- _Available data_
┄┄┄┄┄┄

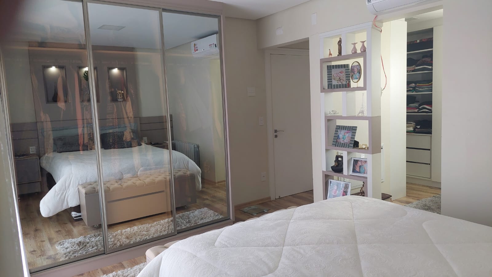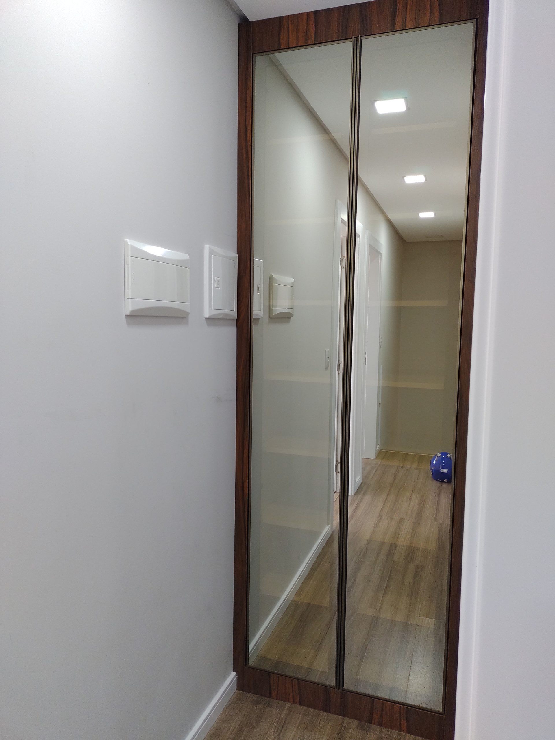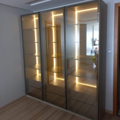 O vidro reflecta é um material cuja superfície possui transparência e capacidade reflexiva. A forma como se enxerga o reflexo ou a parte interna do móvel varia conforme a iluminação utilizada, tanto dentro quanto fora do móvel.
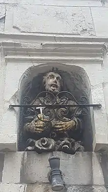 Cette sculpture en bois d'homme barbu vêtu d’un habit monacal tient dans la main droite un globe terrestre surmonté d’une croix. Il est daté de 1562 et est connu dans la région comme Lu Vî Bon Dju (Le Vieux Bon Dieu en wallon) ou le Père éternel. Il se trouve au rez-de-chaussée de l'immeuble, sur la deuxième travée, dans une grande niche cintrée en pierre calcaire surmontée d'un larmier[3].
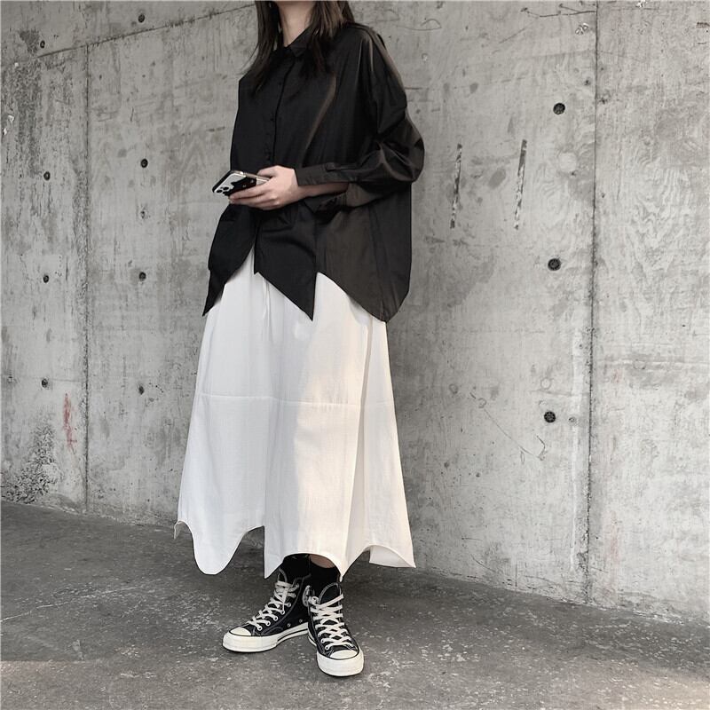BLACK ANDWHITEダークブラックスカートアシンメトリーデザイン ホワイト BWTB47521592993
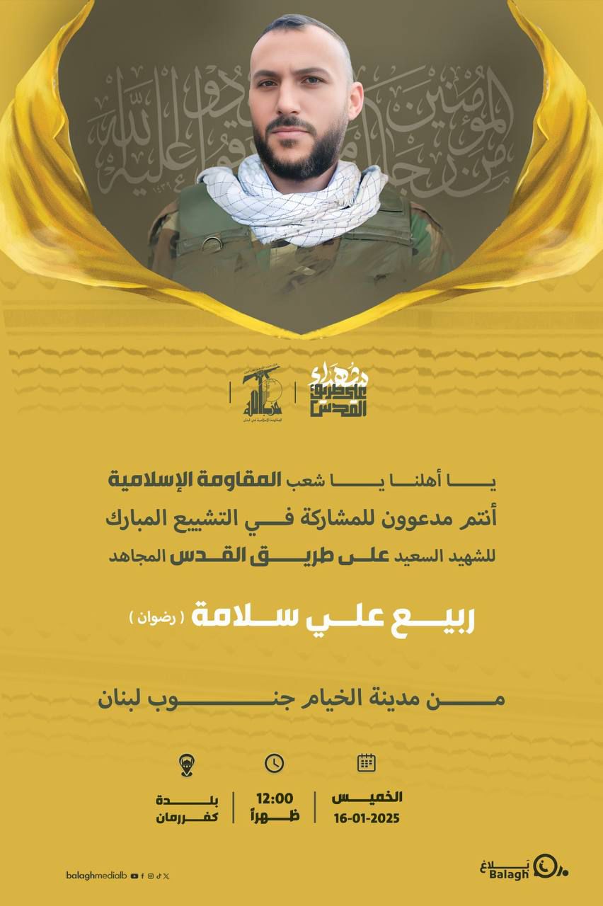 إنتقل إلى رحمته تعالى المأسوف على شبابه الشهيد ربيع علي سلامة
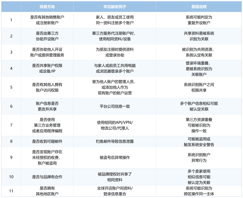 如果找过外包团队,他们为多个销售账户提供相同的业务,为了方便操作,他们可能会使用相同的材料或信息来进行管理操作,从而导致你的账户与不认识的卖家账户造成了关联。
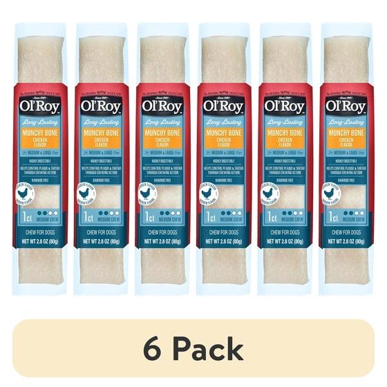(6 pack) Ol' Roy Munchy Bone Chew Treats Chicken Flavor for Medium and Large Dogs, Rawhide-Free, Highly Digestible, 2.8 oz, 1 Count
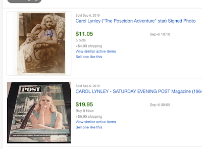 Dozens and dozens of items, languishing in autograph dealer stores, have remained unsold and are not likely to ever sell unless the prices are drastically lowered. Even then, they'll only sell to collectors who have to collect everything. There were a lot of blonde actresses back then, as there are now. Diane McBain tries to get $25 mail order to sign a picture (she's now living in the Motion Picture home, which might suggest that autograph profits are slight). She noted to her handful of Facebook followers that she was sometimes mistaken for Carol Lynley, and that she sympathized when Carol's career began to decline.
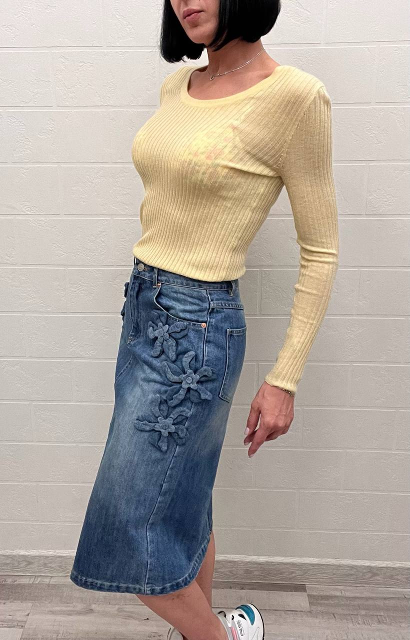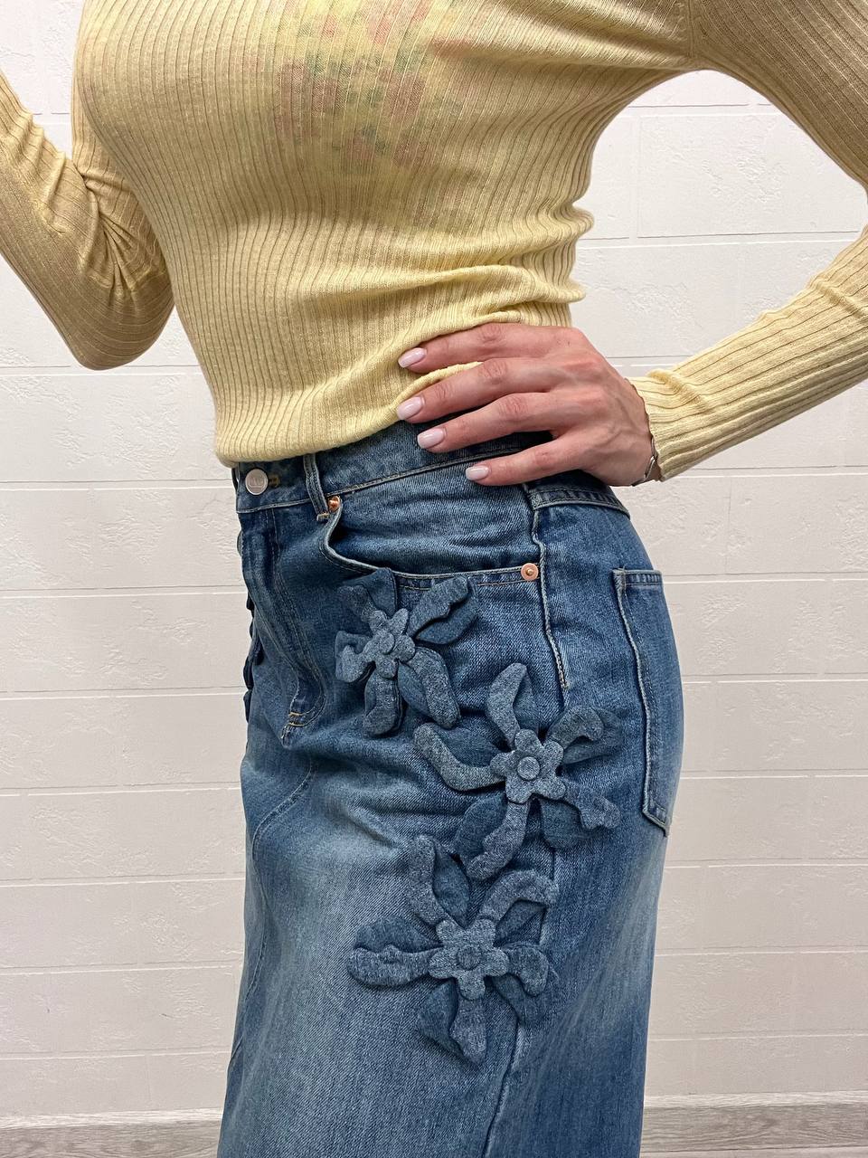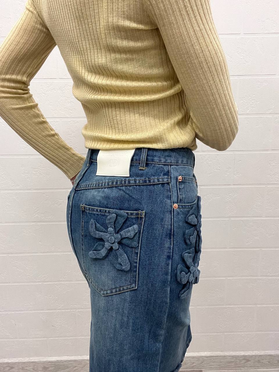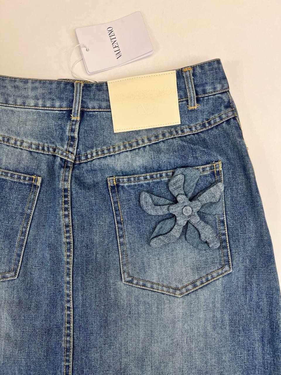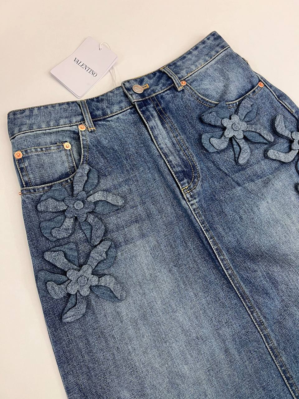 Юбка Valentino LUX-109069 — это стильная джинсовая юбка с декоративными цветами, которая является воплощением элегантности и утонченности. Юбка выполнена в классическом синем цвете, что делает ее универсальной и подходящей для различных образов. Особенностью модели являются объемные цветочные аппликации, расположенные сбоку юбки, добавляя изделию нотку оригинальности и женственности.

┄┄┄┄┄┄

- _What is expected_
Using the data above, retype exactly the lines from the line with "إنتقل إلى رحمته" to the line with "(6 pack) Ol'", inclusive. No pictures and nothing else.

- _Answer for the task_
 إنتقل إلى رحمته تعالى المأسوف على شبابه الشهيد ربيع علي سلامة
 如果找过外包团队,他们为多个销售账户提供相同的业务,为了方便操作,他们可能会使用相同的材料或信息来进行管理操作,从而导致你的账户与不认识的卖家账户造成了关联。
(6 pack) Ol' Roy Munchy Bone Chew Treats Chicken Flavor for Medium and Large Dogs, Rawhide-Free, Highly Digestible, 2.8 oz, 1 Count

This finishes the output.